To my understanding, the computation of the full projection matrix above can be skipped using a QR decomposition of $A$. However, in your implementation, you never actually compute the Hessian, but rather an approximation. And your implementation appears to depend heavily on the Hessian being of the form $X^T D X$ for some diagonal $D$, which is no longer the case here.
Summary
Anchor regression interpolates between OLS and IV regression to improve the models' robustness to distribution shifts.
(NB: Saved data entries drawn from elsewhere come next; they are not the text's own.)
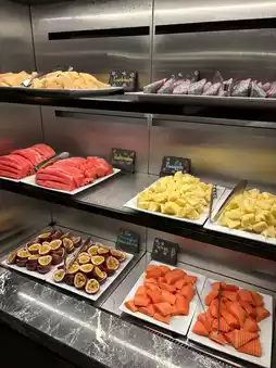 - **Fruit, Yogurt, and Cereal Station**: Includes fresh fruits, yogurts, grains, and cereals 🍉🍍🍊🍌.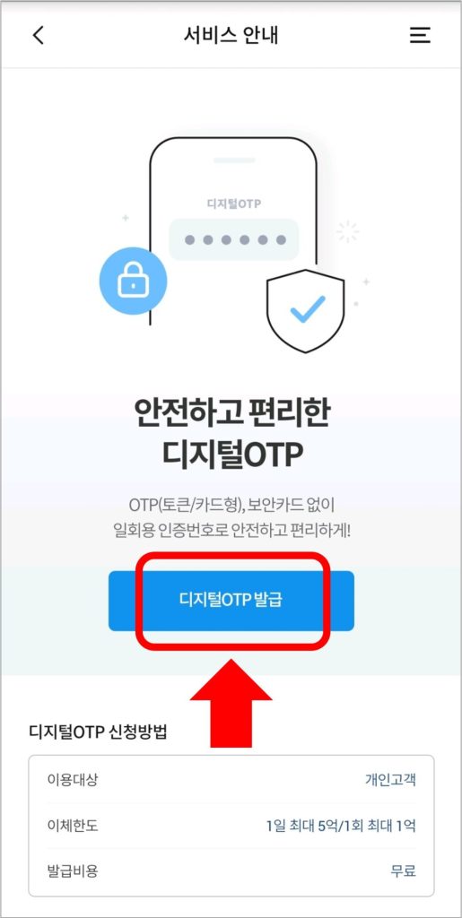 → [비밀번호 입력] 순으로 진행하면 디지털 OTP 발급이 완료됩니다.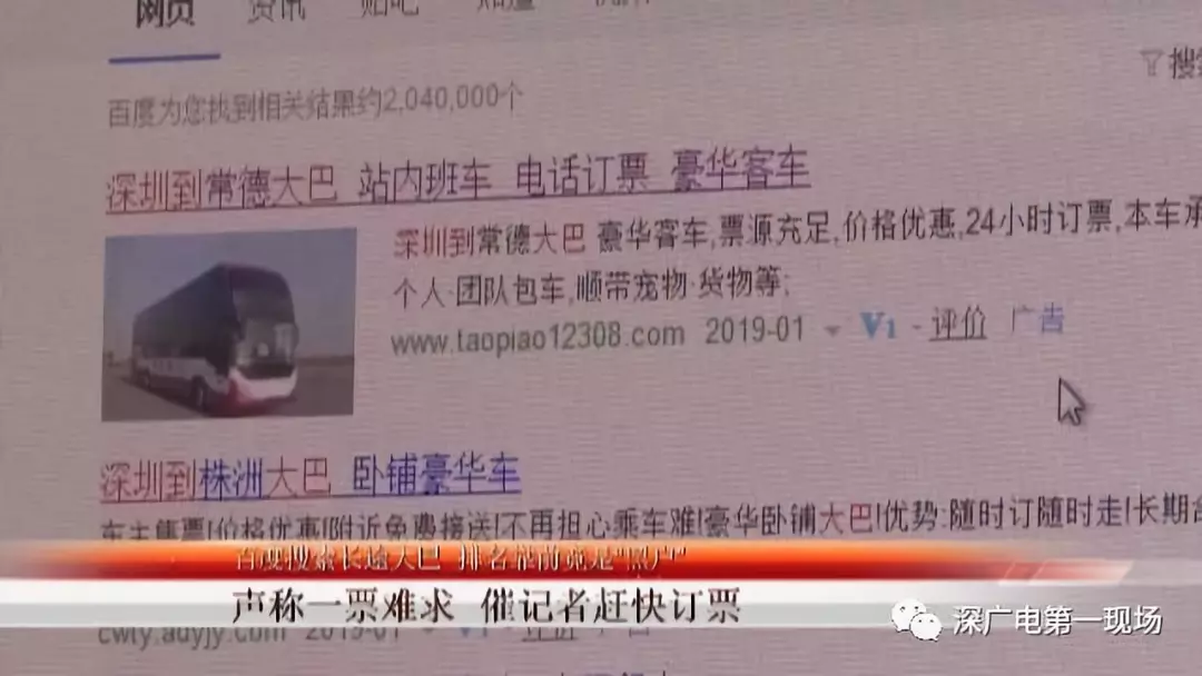 記者首先通過網(wǎng)絡(luò)搜索從深圳到湖南的大巴車,發(fā)現(xiàn)排在前面幾位的全部都是帶有廣告標(biāo)識的網(wǎng)頁,進(jìn)入網(wǎng)頁以后發(fā)現(xiàn),上面除了簡單的宣傳文字和聯(lián)系電話以后,沒有任何其他的東西。記者嘗試撥打網(wǎng)頁上的聯(lián)系電話,對方表示不可以在網(wǎng)上購票,而是跟昨天查處的非法營運大巴一樣,必須到他們指定的地方乘車。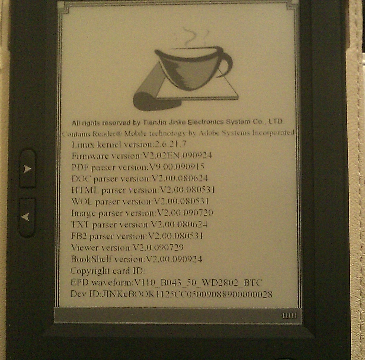 "All rights reserved by TianJin Jinke Electronics System Co. LTD. Contains Reader® Mobile technology by Adobe Systems Incorporated. Linux kernel version: 2.6.21.7::2.6.21.7 Firmware version: V2.01ASTAK.090825::V2.02ASTAK.090907 PDF parser version V2.00.090730::V2.00.090907 DOC parser version: V2.00.080624::V2.00.080624 HTML parser version: V2.00.080531::V2.00.080531 WOL parser version: V2.00.080531::V2.00.080531 Image parser version: V2.00.090720::V2.00.090720 TXT parser version: V2.00.080624::V2.00.080624 FB2 parser version: V2.00.080531::V2.00.080531 Viewer version: V2.0.090729::V2.0.090729 BookShelf version: V2.00.090825::V2.00.090907 Copyright card ID EPD waveform V110_B043_50_WD2802_BTC Dev ID: JINKeBOOK1125CC05009089200000154 These are the updates on the Astak Pocket Pro, i.e., Hanlin v5. however, your first picture, with the Hanlin update, I never saw on my system. Maybe because I had it off when I started the download??? |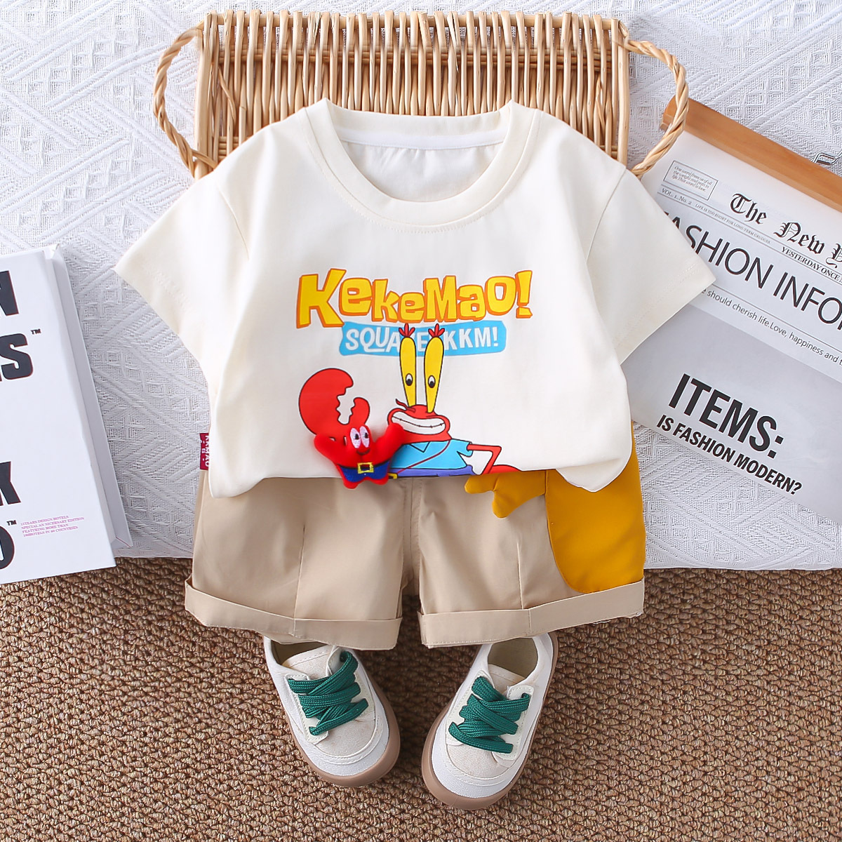 2025년 여름 새로운 스타일 만화 캐주얼 슈트 프린트 - 크랩 보스 반팔 핸섬 슈트스토어 가기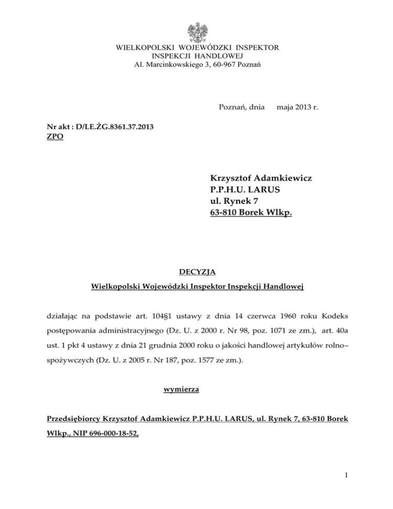 WIELKOPOLSKI WOJEWÓDZKI INSPEKTOR INSPEKCJI HANDLOWEJ Al. Marcinkowskiego 3, 60-967 Poznań Poznań, dnia maja 2013 r. Nr akt : D/LE.ŻG.8361.37.2013 ZPO Krzysztof Adamkiewicz P.P.H.U. LARUS ul. Rynek 7 63-810 Borek Wlkp. DECYZJA Wielkopolski Wojewódzki Inspektor Inspekcji Handlowej działając na podstawie art. 104§1 ustawy z dnia 14 czerwca 1960 roku Kodeks postępowania administracyjnego (Dz. U. z 2000 r. Nr 98, poz. 1071 ze zm.), art. 40a ust. 1 pkt 4 ustawy z dnia 21 grudnia 2000 roku o jakości handlowej artykułów rolno– spożywczych (Dz. U. z 2005 r. Nr 187, poz. 1577 ze zm.). wymierza Przedsiębiorcy Krzysztof Adamkiewicz P.P.H.U. LARUS, ul. Rynek 7, 63-810 Borek Wlkp., NIP 696-000-18-52, 1 karę pieniężną w wysokości 2.000,00 zł. (słownie: dwa tysiące złotych 00/100), wynikającą z art. 40a ust. 1 pkt 4 ustawy z dnia 21 grudnia 2000 roku o jakości handlowej artykułów rolno- spożywczych (Dz. U. z 2005 r. Nr 187, poz. 1577 ze zm.), z tytułu wprowadzenia do obrotu handlowego w dniu kontroli, tj. w dniu 15 lutego 2013 roku w hurtowni w Lesznie, ul. Lipowa 6, 64-100 Leszno, przedsiębiorca: Krzysztof Adamkiewicz P.P.H.U. LARUS, ul. Rynek 7, 63-810 Borek Wlkp., artykułów rolno-spożywczych zafałszowanych to jest: partia 50 kg tilapii IQF, bez skóry, bez ości, glazurowanej, w cenie 13,50 zł/kg, kraj pochodzenia: Chiny, importer: INTER MARINE Sp. z o.o., ul. Wolności 18, 81-237 Gdynia, wartości 708,75 zł, partia 20 kg limandy żółtopłetwej, filet IQF, glazurowanej, w cenie 15,00 zł/kg, kraj pochodzenia: Wietnam, importer: j. w., wartości 315,00 zł, z uwagi na: zawyżenie zawartości glazury o 5,6 % w przypadku tilapii, oraz o 6 % w przypadku limandy. Kontrolowany przedsiębiorca wprowadził zatem do obrotu artykuły rolnospożywcze zafałszowane co skutkuje zastosowaniem art. 40a ust. 1 pkt 4 ustawy o jakości handlowej artykułów rolno- spożywczych (Dz. U. z 2005, Nr 187 poz. 1577 ze zm.). „Kto wprowadza do obrotu artykuły rolno-spożywcze zafałszowane, podlega karze pieniężnej w wysokości nie wyższej niż 10% przychodu osiągniętego w roku rozliczeniowym poprzedzającym rok nałożenia kary, nie niższej jednak niż 1.000 zł”. 2 Uzasadnienie Podczas kontroli przeprowadzonej przez Wojewódzki Inspektorat Inspekcji Handlowej w Poznaniu Delegaturę w Lesznie, w dniach od 8 do 15 lutego 2013 roku w hurtowni w Lesznie, ul. Lipowa 6, 64-100 Leszno, przedsiębiorca: Krzysztof Adamkiewicz P.P.H.U. LARUS, ul. Rynek 7, 63-810 Borek Wlkp., stwierdzono zafałszowanie 2 partii ryb mrożonych ogólnej wartości 1.023,75 zł, to jest: partia 50 kg tilapii IQF, bez skóry, bez ości, glazurowanej, w cenie 13,50 zł/kg, kraj pochodzenia: Chiny, importer: INTER MARINE Sp. z o.o., ul. Wolności 18, 81-237 Gdynia, wartości 708,75 zł, partia 20 kg limandy żółtopłetwej, filet IQF, glazurowanej, w cenie 15,00 zł/kg, kraj pochodzenia: Wietnam, importer: j. w., wartości 315,00 zł, z uwagi na: zawyżenie zawartości glazury o 5,6 % w przypadku tilapii, oraz o 6 % w przypadku limandy. Wobec powyższego należy uznać, że kontrolowany wprowadził do obrotu artykuły rolno-spożywcze zafałszowane, co w myśl przepisów o jakości handlowej skutkuje zastosowaniem art. 40 a ust. 1 pkt 4 ustawy o jakości handlowej artykułów rolno-spożywczych (Dz. U. 2005, Nr 187 poz. 1577 ze zm.). „Kto wprowadza do obrotu artykuły rolno-spożywcze zafałszowane, podlega karze pieniężnej w wysokości nie wyższej niż 10% przychodu osiągniętego w roku rozliczeniowym poprzedzającym rok nałożenia kary, nie niższej jednak niż 1.000 zł”. Zgodnie z art. 3 pkt 10 ustawy o jakości handlowej artykułów rolno-spożywczych artykuł rolno-spożywczy zafałszowany to produkt, którego skład jest niezgodny z 3 przepisami dotyczącymi jakości handlowej poszczególnych artykułów rolnospożywczych, albo produkt, w którym zostały wprowadzone zmiany, w tym zmiany dotyczące oznakowania, mające na celu ukrycie jego rzeczywistego składu lub innych właściwości, jeżeli niezgodności te lub zmiany w istotny sposób naruszają interesy konsumentów, w szczególności jeżeli: a) dokonano zabiegów, które zmieniły lub ukryły jego rzeczywisty skład lub nadały mu wygląd produktu zgodnego z przepisami dotyczącymi jakości handlowej, b) w oznakowaniu podano nazwę niezgodną z przepisami dotyczącymi jakości handlowej poszczególnych artykułów rolno-spożywczych albo niezgodną z prawdą, c) w oznakowaniu podano niezgodne z prawdą dane w zakresie składu, pochodzenia, terminu przydatności do spożycia lub daty minimalnej trwałości, zawartości netto lub klasy jakości handlowej. Celem prawa żywnościowego jest szeroko rozumiana ochrona interesów konsumentów. Art. 8 rozporządzenia (WE) nr 178/2002 Parlamentu Europejskiego i Rady ustanawiającego ogólne zasady i wymagania prawa żywnościowego, powołującego Europejski Urząd ds. Bezpieczeństwa Żywności i ustanawiającego procedury w zakresie bezpieczeństwa żywności (Dz. Urz. UE L 31 z 01.02.2002 r. ze zm.) precyzuje, że celem tego prawa jest ochrona interesów konsumentów i umożliwienie im świadomego wyboru związanego ze spożywaną przez nich żywnością. Prawo żywnościowe ma przeciwdziałać oszukańczym lub podstępnym praktykom, fałszowaniu żywności oraz wszelkim innym praktykom mogącym wprowadzić konsumentów w błąd. Zgodnie z art. 17 wyżej cytowanego rozporządzenia odpowiedzialność za naruszenie prawa żywnościowego ponoszą wszyscy przedsiębiorcy, na każdym etapie produkcji, przetwarzania i dystrybucji w przedsiębiorstwach będących pod ich 4 kontrolą, oraz zapewniają zgodność tej żywności lub pasz z wymogami prawa żywnościowego właściwymi dla ich działalności a także zapewniają kontrolowanie przestrzegania tych wymogów. W kontekście powyższego Wielkopolski Wojewódzki Inspektor Inspekcji Handlowej uznał, iż zgodnie z art. 17 rozporządzenia (WE)
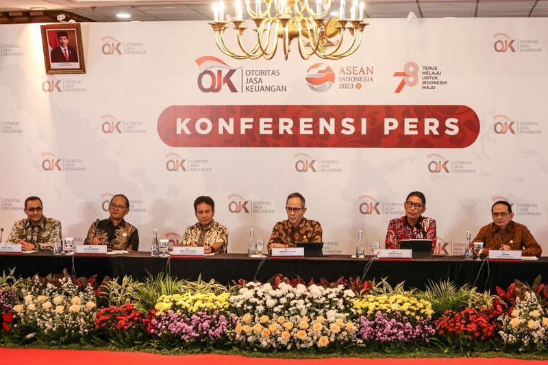Komisioner OJK menggelar konferensi pers Peta Jalan Pengembangan Dan Penguatan Inovasi Teknologi Sektor Keuangan, Aset Keuangan Digital dan Aset Kripto.(Antara)

Distributional anchor regression is a generalization to GLMs. To my knowledge, no efficient solver for distributional anchor regression exists.
Is this something you would be interested to integrate into glum
? How complex would this be? Are there any hurdles (e.g., dense Hessian) that prohibit the use of existing methods?
References
[1] Rothenhäusler, D., N. Meinshausen, P. Bühlmann, and J. Peters (2021). Anchor regression: Heterogeneous data meet causality. Journal of the Royal Statistical Society Series B (Statistical Methodology) 83(2), 215–246.
[2] Bühlmann, P. (2020). Invariance, causality and robustness. Statistical Science 35(3), 404– 426.
[3] Kook, L., B. Sick, and P. Bühlmann (2022). Distributional anchor regression. Statistics and Computing 32(3), 1–19.